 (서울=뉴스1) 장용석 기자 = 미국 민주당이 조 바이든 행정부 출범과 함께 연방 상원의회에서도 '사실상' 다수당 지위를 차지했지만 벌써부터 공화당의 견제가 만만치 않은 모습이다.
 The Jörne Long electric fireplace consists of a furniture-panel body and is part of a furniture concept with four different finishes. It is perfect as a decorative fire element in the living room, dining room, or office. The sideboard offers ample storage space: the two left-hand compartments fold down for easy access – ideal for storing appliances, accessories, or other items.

+===+

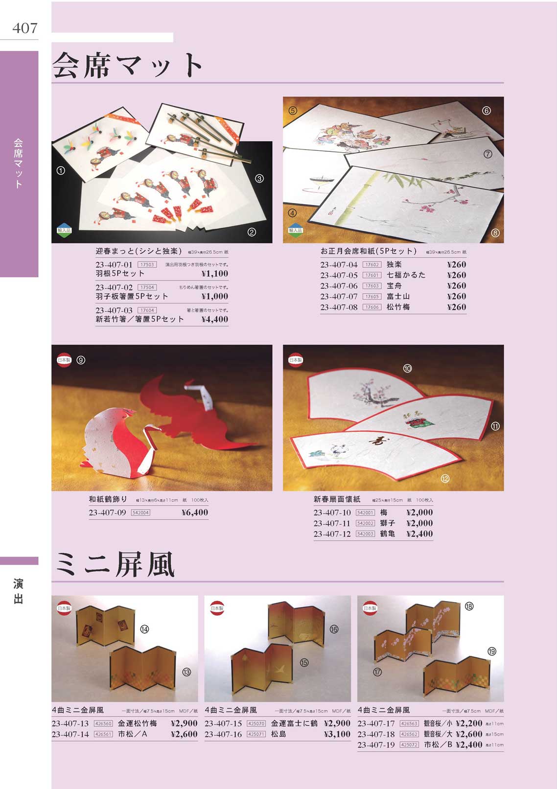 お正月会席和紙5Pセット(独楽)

+===+

Output, from the data above, the lines from the line with "(서울=뉴스1) 장용석 기자" to the line with "The Jörne Long" exactly as they stand, both ends included and nothing else.

 (서울=뉴스1) 장용석 기자 = 미국 민주당이 조 바이든 행정부 출범과 함께 연방 상원의회에서도 '사실상' 다수당 지위를 차지했지만 벌써부터 공화당의 견제가 만만치 않은 모습이다.
 The Jörne Long electric fireplace consists of a furniture-panel body and is part of a furniture concept with four different finishes. It is perfect as a decorative fire element in the living room, dining room, or office. The sideboard offers ample storage space: the two left-hand compartments fold down for easy access – ideal for storing appliances, accessories, or other items.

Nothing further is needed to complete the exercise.